With the issuing of the first licences to use embryonic stem cells for therapeutic treatment, Britain leads the world in the regulation of this controversial area of research.

In America, such research is banned in federally funded laboratories, and subject to rules on commercial confidentiality within private institutes. Many other European countries have shied away from formally allowing the research to proceed under the specific legislation now adopted in Britain.

Mike Dexter, director of the Wellcome Trust, the biggest medical research charity in the world, said that UK legislation was already setting a precedent for the rest of the world to follow. "Scientists can now get on with finding treatments for life-threatening diseases," said Dr Dexter, who has spent much of his career investigating adult stem cells.

Stem cells taken from early embryos are known to have the potential to develop into any one of the many scores of specialised tissue cells of the body. It is hoped that instead of replacing diseased organs or treating them with drugs, it will be possible in future to repair them with stem cells. However, for the treatment to be even more effective it will be necessary to generate cloned embryos from a skin cell of a patient so that the stem cells do not suffer tissue rejection.
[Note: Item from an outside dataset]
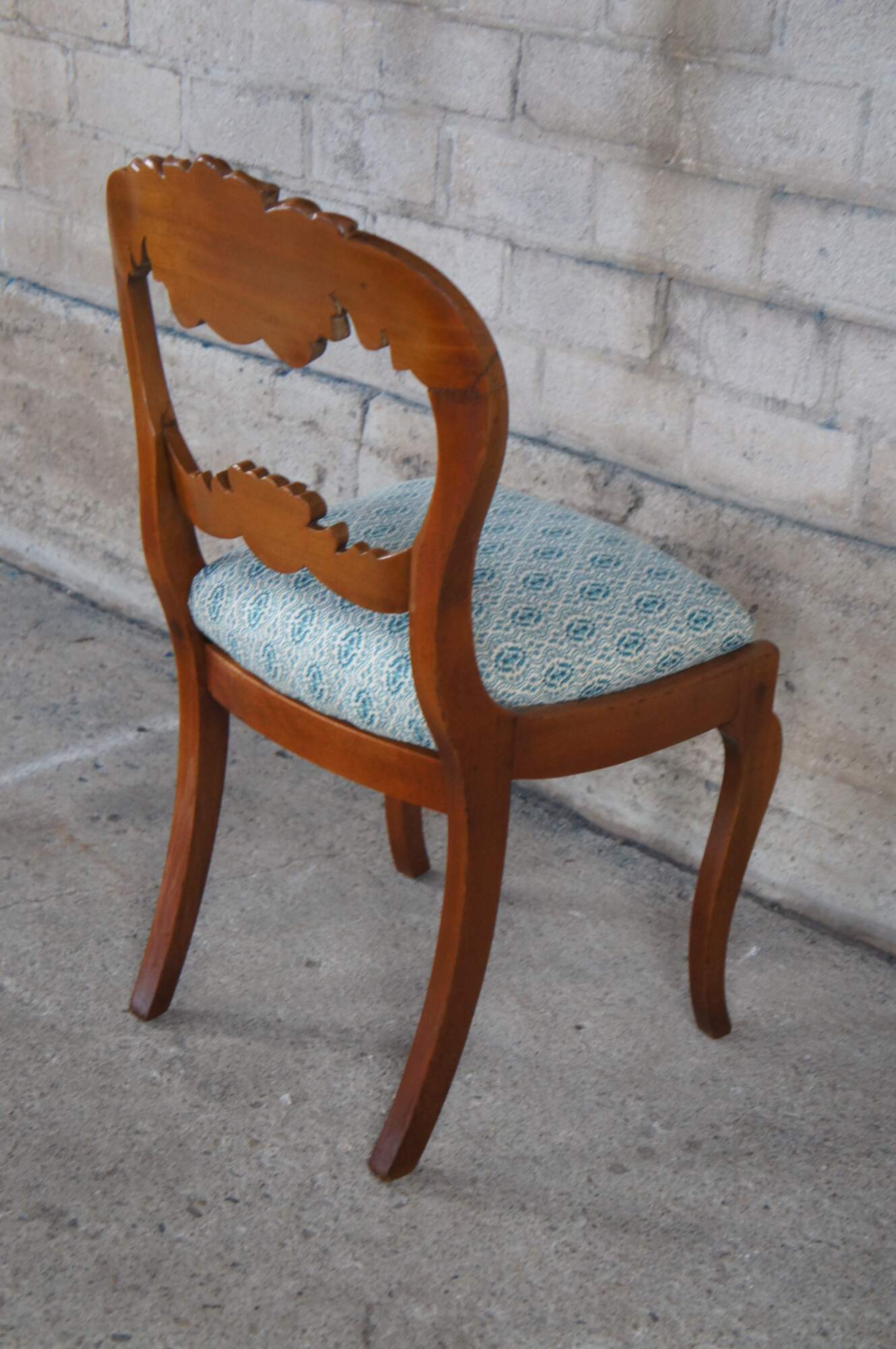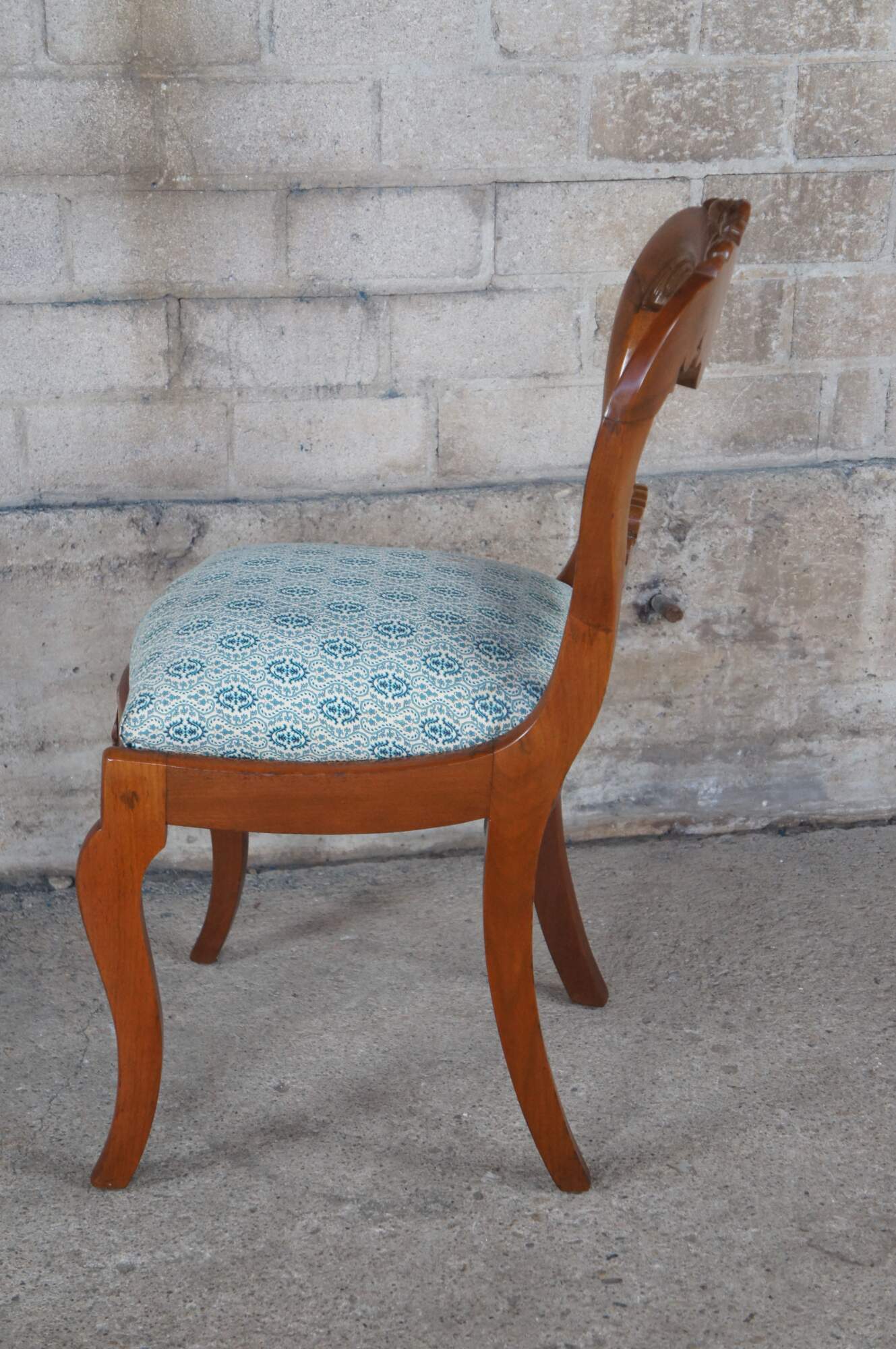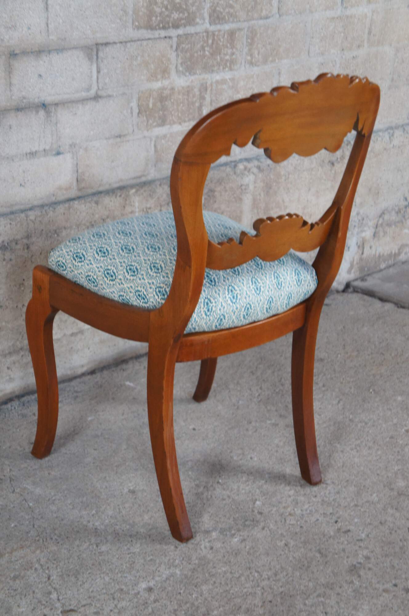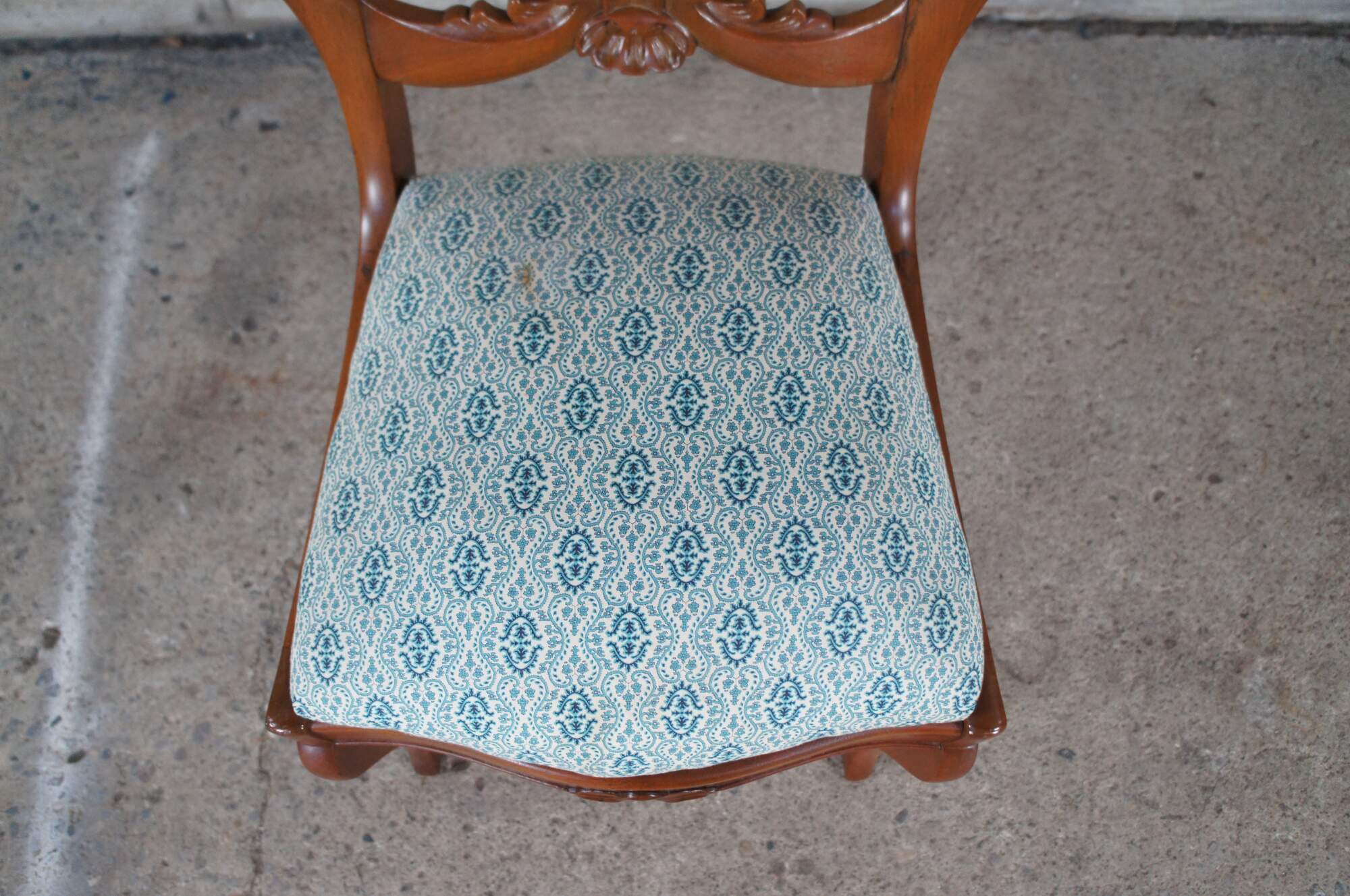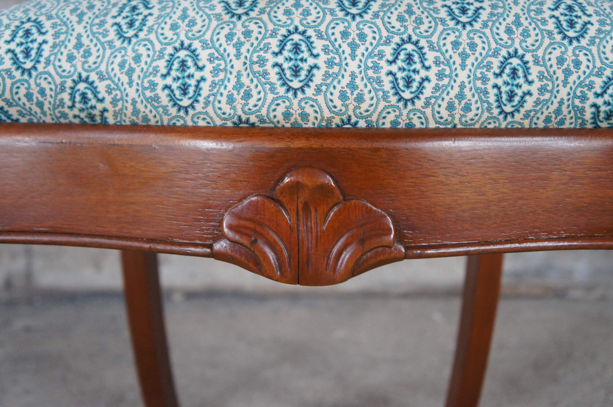 Antique Victorian parlor / vanity / desk chair. Made of carved walnut featuring a balloon back with carved floral rose design

The law in Britain allows the creation of cloned embryos using the "cell nuclear replacement" technique that was used to create Dolly the sheep but so far the HFEA has not received any applications from scientists who propose to do this. Professor Burn, however, said his group may be close to seeking formal permission for cell nuclear replacement, which is also known as therapeutic cloning.

"We would certainly consider it at a research level. It has to be done because the therapeutic potential is enormous. It looks potentially far more successful than gene therapy," Professor Burn said.

Already experiments on rats have shown that embryonic stem cells can repair damaged spinal cords, raising the possibility of allowing paralysis victims to walk again.